- Opening Delimiter -
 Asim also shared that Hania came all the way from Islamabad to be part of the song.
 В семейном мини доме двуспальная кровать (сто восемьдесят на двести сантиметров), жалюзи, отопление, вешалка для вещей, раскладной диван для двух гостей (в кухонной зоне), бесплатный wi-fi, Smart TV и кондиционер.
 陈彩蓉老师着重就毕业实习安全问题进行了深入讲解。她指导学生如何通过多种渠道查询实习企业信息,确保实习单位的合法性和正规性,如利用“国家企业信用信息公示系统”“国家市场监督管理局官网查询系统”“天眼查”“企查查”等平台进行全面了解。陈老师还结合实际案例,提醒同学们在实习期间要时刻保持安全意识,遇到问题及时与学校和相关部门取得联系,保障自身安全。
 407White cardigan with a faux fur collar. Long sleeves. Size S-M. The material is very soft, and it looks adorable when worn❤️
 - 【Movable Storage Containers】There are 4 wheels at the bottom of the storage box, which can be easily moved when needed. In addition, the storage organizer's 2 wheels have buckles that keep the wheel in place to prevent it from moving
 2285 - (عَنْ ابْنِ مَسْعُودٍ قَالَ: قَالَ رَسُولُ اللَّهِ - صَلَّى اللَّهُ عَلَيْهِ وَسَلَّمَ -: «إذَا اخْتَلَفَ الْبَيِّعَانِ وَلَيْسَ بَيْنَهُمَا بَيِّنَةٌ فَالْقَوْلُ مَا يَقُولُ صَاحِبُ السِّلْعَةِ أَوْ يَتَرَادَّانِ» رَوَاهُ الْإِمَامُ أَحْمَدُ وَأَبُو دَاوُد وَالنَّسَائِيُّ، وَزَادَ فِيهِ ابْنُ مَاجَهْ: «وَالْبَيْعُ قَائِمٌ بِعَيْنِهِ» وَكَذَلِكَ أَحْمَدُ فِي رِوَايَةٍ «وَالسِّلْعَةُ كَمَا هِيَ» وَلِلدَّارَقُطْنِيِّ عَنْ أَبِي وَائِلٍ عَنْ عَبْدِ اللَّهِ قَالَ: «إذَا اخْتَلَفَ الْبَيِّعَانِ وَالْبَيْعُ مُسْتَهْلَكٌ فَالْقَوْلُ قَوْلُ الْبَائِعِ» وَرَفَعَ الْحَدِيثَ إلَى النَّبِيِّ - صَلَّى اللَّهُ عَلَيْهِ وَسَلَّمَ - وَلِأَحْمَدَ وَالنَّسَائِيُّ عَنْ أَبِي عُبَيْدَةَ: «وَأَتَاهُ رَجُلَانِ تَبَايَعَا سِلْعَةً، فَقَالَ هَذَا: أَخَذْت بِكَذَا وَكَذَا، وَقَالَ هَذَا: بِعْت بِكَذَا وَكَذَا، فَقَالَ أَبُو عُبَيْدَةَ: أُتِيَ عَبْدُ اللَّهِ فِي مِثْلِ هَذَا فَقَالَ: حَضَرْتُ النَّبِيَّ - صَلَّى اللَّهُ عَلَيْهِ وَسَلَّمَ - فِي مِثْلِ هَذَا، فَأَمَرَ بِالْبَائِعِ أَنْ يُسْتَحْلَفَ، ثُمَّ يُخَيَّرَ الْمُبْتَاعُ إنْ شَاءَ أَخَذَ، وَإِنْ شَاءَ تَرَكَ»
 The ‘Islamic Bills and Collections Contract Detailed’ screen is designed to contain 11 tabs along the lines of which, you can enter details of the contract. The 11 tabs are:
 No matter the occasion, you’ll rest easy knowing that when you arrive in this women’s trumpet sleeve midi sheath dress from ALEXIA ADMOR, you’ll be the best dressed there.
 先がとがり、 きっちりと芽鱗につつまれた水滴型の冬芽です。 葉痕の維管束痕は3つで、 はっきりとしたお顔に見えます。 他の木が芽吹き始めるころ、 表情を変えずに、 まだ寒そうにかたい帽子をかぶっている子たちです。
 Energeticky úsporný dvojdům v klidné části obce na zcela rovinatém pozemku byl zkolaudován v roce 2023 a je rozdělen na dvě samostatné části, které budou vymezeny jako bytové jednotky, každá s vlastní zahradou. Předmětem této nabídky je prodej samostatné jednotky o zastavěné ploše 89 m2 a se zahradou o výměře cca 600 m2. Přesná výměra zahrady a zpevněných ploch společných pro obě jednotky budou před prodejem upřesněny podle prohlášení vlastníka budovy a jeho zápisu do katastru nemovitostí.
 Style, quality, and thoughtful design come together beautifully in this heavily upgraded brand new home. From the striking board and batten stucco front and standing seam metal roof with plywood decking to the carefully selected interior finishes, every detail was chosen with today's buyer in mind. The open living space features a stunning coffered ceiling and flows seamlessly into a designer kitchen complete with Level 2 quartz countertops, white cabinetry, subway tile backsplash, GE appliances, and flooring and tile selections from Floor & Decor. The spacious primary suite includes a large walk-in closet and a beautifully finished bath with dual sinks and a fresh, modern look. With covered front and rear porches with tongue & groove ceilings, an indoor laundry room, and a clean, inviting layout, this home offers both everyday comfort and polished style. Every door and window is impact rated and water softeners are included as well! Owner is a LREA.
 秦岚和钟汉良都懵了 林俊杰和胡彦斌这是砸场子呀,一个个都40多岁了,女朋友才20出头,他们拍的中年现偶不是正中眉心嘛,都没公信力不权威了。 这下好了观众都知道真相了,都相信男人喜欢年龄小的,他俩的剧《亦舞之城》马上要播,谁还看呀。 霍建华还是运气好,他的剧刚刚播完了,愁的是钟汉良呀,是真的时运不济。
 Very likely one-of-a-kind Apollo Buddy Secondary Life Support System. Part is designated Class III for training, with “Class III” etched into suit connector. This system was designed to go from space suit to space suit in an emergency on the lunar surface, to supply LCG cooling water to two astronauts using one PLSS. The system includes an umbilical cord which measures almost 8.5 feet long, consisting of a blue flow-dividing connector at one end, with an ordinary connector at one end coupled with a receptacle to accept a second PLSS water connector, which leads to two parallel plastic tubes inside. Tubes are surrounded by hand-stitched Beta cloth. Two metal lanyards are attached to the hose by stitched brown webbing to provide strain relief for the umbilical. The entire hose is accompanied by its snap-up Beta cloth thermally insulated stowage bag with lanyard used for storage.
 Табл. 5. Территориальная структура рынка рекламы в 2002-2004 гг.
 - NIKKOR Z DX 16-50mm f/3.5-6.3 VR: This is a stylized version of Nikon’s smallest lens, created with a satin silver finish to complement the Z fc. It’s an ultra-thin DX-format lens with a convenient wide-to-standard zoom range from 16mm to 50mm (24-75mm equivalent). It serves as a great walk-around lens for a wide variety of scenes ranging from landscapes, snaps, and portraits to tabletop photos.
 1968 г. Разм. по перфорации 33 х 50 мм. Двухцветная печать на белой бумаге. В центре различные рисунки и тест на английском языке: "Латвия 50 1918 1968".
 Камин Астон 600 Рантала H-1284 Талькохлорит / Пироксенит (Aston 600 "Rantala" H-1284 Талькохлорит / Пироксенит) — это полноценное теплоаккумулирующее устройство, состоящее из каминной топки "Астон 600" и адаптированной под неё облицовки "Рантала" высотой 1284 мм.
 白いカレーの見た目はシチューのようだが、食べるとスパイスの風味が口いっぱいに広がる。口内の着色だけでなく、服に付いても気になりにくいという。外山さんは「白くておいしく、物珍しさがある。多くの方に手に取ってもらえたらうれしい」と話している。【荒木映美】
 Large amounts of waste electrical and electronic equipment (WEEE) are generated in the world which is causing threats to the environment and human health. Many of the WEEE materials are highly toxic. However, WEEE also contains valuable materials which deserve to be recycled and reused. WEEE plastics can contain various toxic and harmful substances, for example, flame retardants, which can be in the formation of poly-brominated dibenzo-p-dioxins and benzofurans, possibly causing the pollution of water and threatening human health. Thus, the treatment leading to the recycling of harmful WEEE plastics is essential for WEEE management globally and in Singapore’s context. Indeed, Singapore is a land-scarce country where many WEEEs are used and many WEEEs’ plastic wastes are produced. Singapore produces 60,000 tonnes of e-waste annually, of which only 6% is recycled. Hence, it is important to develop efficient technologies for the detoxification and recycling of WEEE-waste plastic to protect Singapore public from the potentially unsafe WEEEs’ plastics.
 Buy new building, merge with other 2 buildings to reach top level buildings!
- Closing Delimiter -
■ Exercise ■
Beginning at the opening line of the data, transcribe each line exactly until you reach the line with "407White cardigan with", which you also include, and go no further.

■ Your solution ■
 Asim also shared that Hania came all the way from Islamabad to be part of the song.
 В семейном мини доме двуспальная кровать (сто восемьдесят на двести сантиметров), жалюзи, отопление, вешалка для вещей, раскладной диван для двух гостей (в кухонной зоне), бесплатный wi-fi, Smart TV и кондиционер.
 陈彩蓉老师着重就毕业实习安全问题进行了深入讲解。她指导学生如何通过多种渠道查询实习企业信息,确保实习单位的合法性和正规性,如利用“国家企业信用信息公示系统”“国家市场监督管理局官网查询系统”“天眼查”“企查查”等平台进行全面了解。陈老师还结合实际案例,提醒同学们在实习期间要时刻保持安全意识,遇到问题及时与学校和相关部门取得联系,保障自身安全。
 407White cardigan with a faux fur collar. Long sleeves. Size S-M. The material is very soft, and it looks adorable when worn❤️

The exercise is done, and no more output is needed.